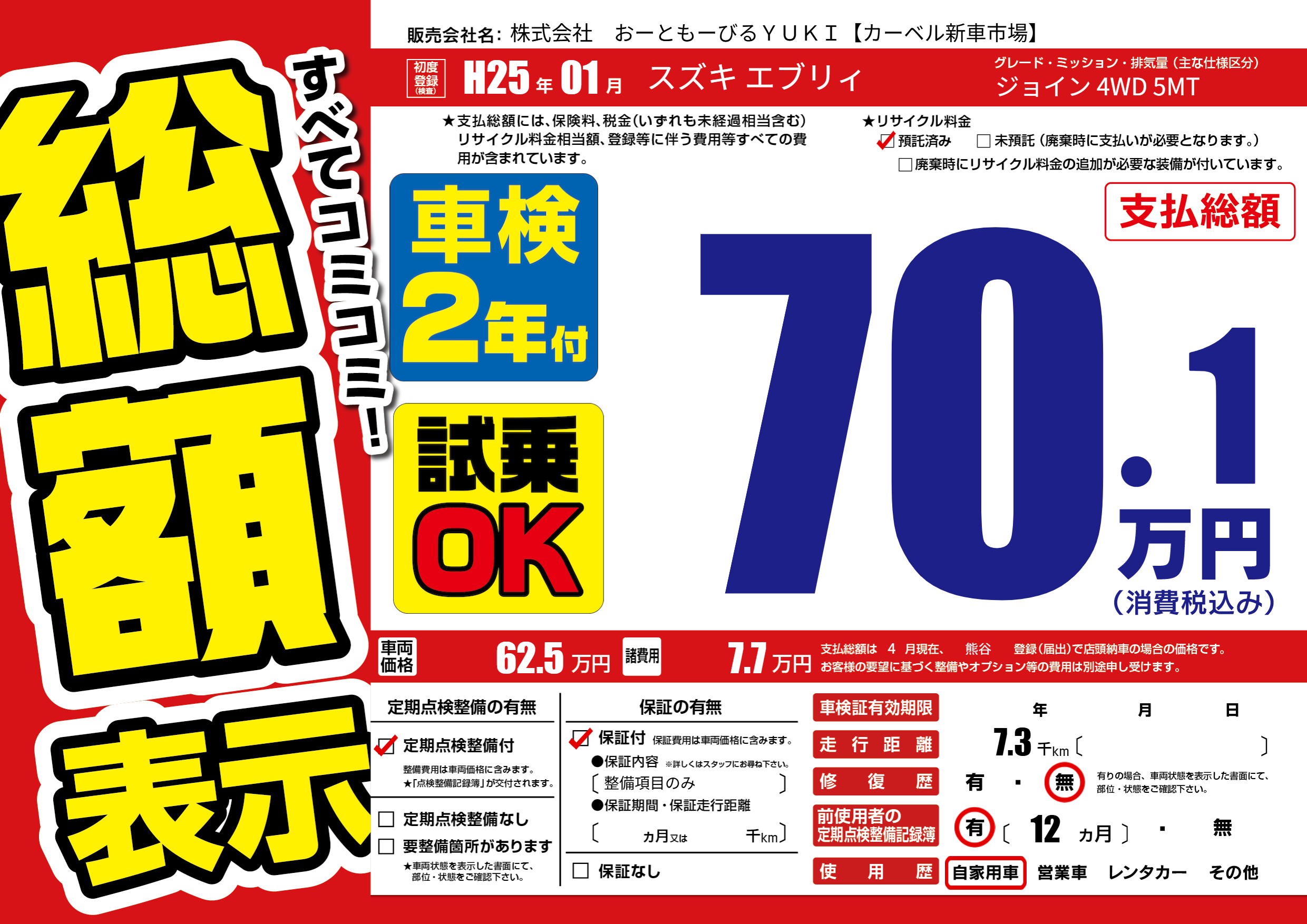 | 車名 | スズキ エブリィ | グレード ミッション 排気量 |
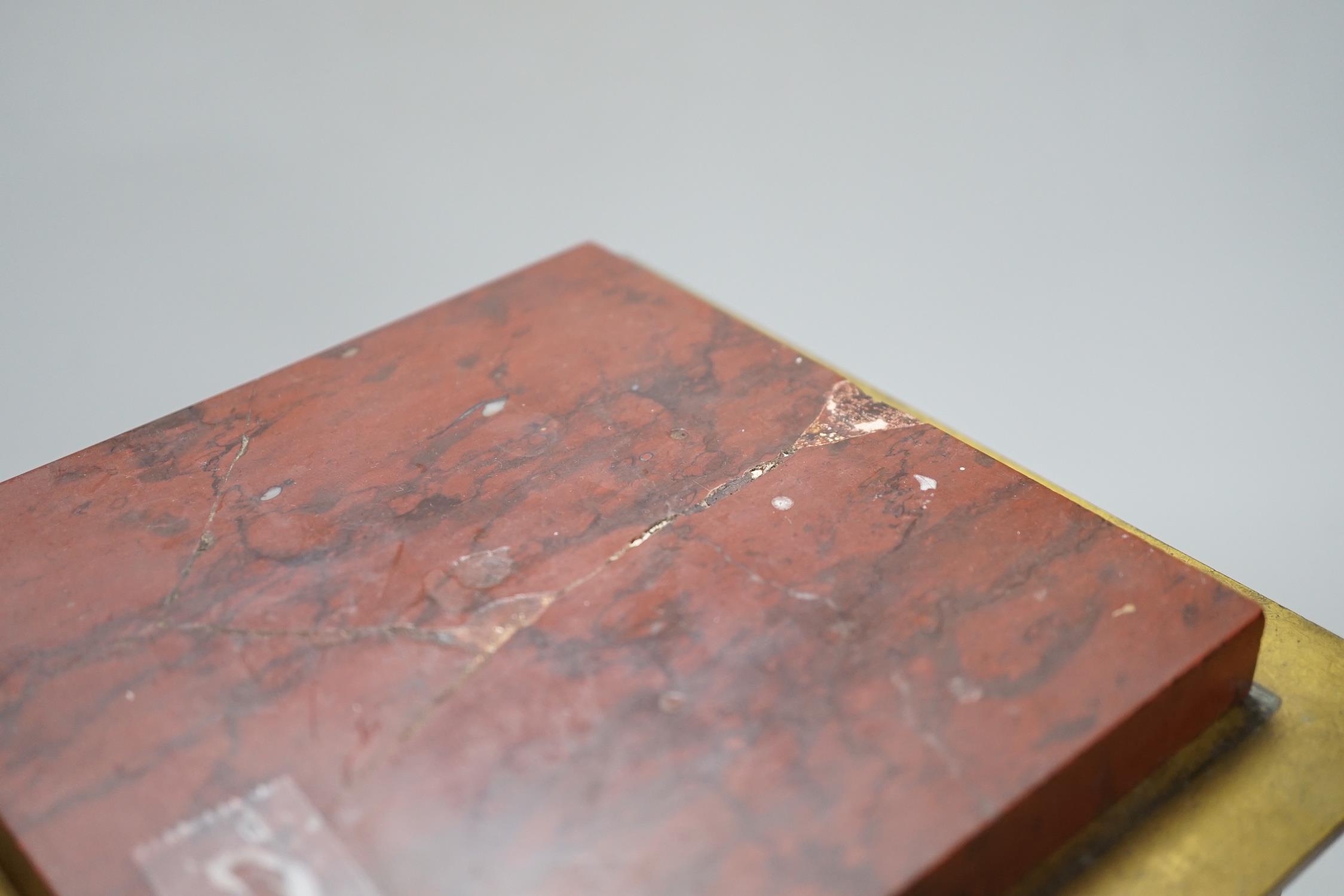 A French gilt metal mounted rouge marble mantel clock, first half 19th century, engine turned dial, 27cm high
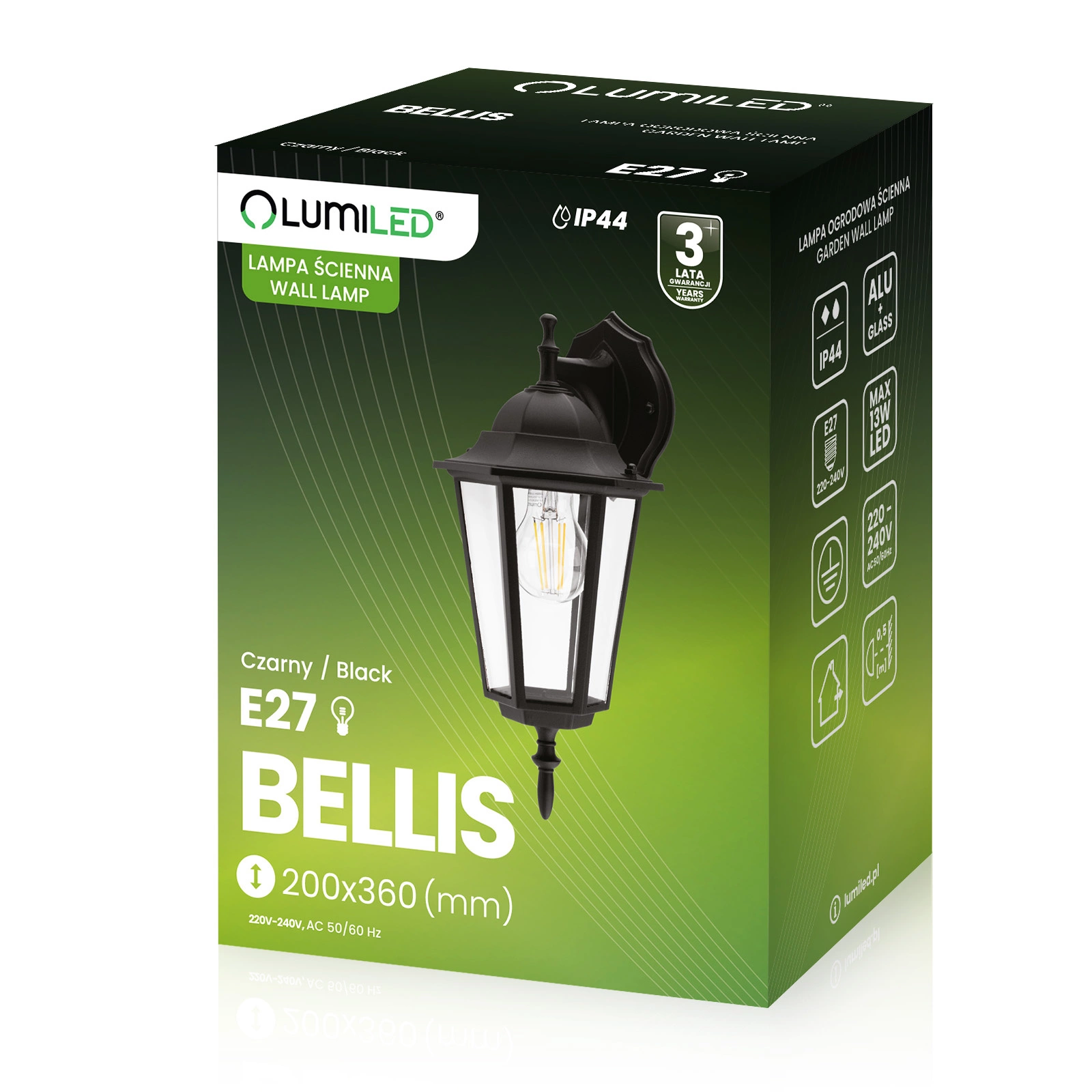 Nástěnné svítidlo, zahradní lampa značky LUMILED série BELLIS v černé barvě se vyznačuje především krásným vzhledem ve tvaru lampy a bezproblémovou montáží. Je to elegantní a praktické osvětlení, ideální pro venkovní použití kolem domu. Určeno pro montáž na povrch fasád budov. Zahradní lampa usnadní pohyb po pozemku večer, nejenže ho osvětluje, ale také mu dodává magickou atmosféru, aby ještě více zpříjemnila čas strávený venku.
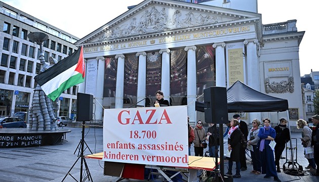 Brüksel'deki Kraliyet Tiyatrosu önünde bir araya gelen sanatçılar, "Gazze çocuklarının sessizliği" adını verdikleri gösteride 18 bin 700 çocuğun İsrail tarafından öldürüldüğünü belirtti.
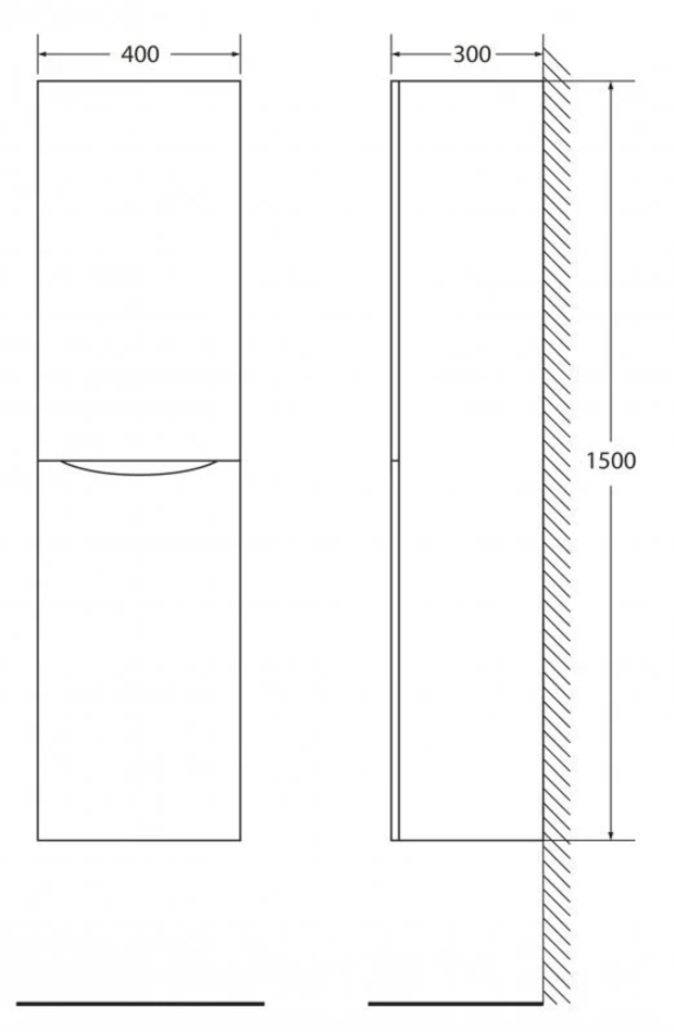 Шкаф-пенал подвесной BelBagno FLY-MARINO-1500-2A-SC-BO-P-R, 40 х 30 х 150 см, Bianco Opaco/белый матовый, правосторонний
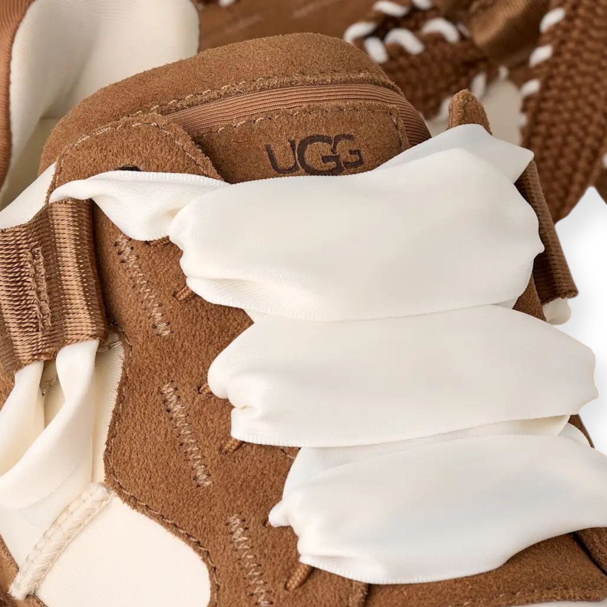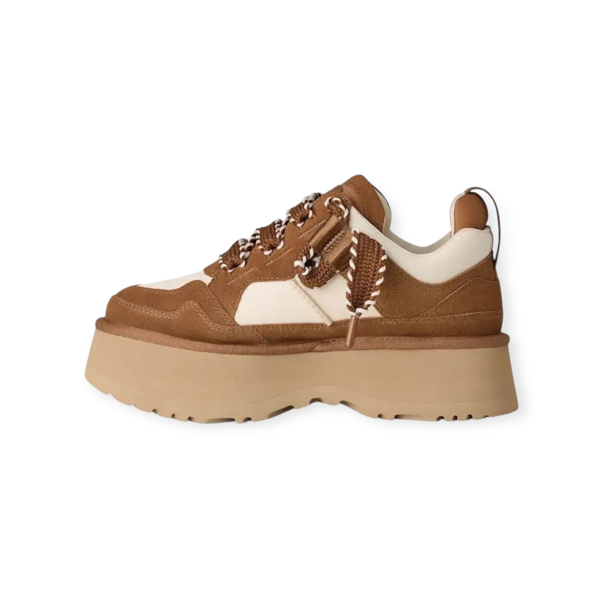 נעלי פלטפורמה לנשים ugg מדגם Astromel בצבע חום – שילוב חדשני של זמש, ניילון וטקסטיל ממוחזר עם תפרים כפולים ולשון מרופדת. פלטפורמה בגובה 5 ס”מ, רפידת EVA נוחה, ובטנה רכה. כוללות שני סטים של שרוכים – סאטן אופנתי ושטוחים לקשירה יציבה. סטייל ייחודי ונוחות מבית ugg.
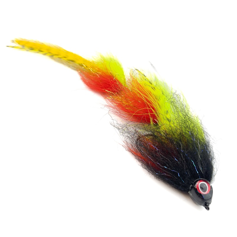 The predator size Masked Avenger pattern; 3 sections, one predator hook or stouter hook depending on the target species. These fun flies have accounted for many species including pike, muskie, striped bass, bluefish, tigerfish and dorado
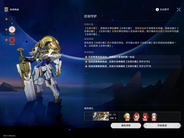在与「巨剑守护」任意难度的战斗中,我方角色累计回复12次[生命计数]

════

[TASK BRIEF] The lines needed run from the first line of the records through the line containing "נעלי פלטפורמה לנשים", both included. Restate them word for word, without pictures.

[SOLUTION FOR THIS TASK]
 | 車名 | スズキ エブリィ | グレード ミッション 排気量 |
 A French gilt metal mounted rouge marble mantel clock, first half 19th century, engine turned dial, 27cm high
 Nástěnné svítidlo, zahradní lampa značky LUMILED série BELLIS v černé barvě se vyznačuje především krásným vzhledem ve tvaru lampy a bezproblémovou montáží. Je to elegantní a praktické osvětlení, ideální pro venkovní použití kolem domu. Určeno pro montáž na povrch fasád budov. Zahradní lampa usnadní pohyb po pozemku večer, nejenže ho osvětluje, ale také mu dodává magickou atmosféru, aby ještě více zpříjemnila čas strávený venku.
 Brüksel'deki Kraliyet Tiyatrosu önünde bir araya gelen sanatçılar, "Gazze çocuklarının sessizliği" adını verdikleri gösteride 18 bin 700 çocuğun İsrail tarafından öldürüldüğünü belirtti.
 Шкаф-пенал подвесной BelBagno FLY-MARINO-1500-2A-SC-BO-P-R, 40 х 30 х 150 см, Bianco Opaco/белый матовый, правосторонний
 נעלי פלטפורמה לנשים ugg מדגם Astromel בצבע חום – שילוב חדשני של זמש, ניילון וטקסטיל ממוחזר עם תפרים כפולים ולשון מרופדת. פלטפורמה בגובה 5 ס”מ, רפידת EVA נוחה, ובטנה רכה. כוללות שני סטים של שרוכים – סאטן אופנתי ושטוחים לקשירה יציבה. סטייל ייחודי ונוחות מבית ugg.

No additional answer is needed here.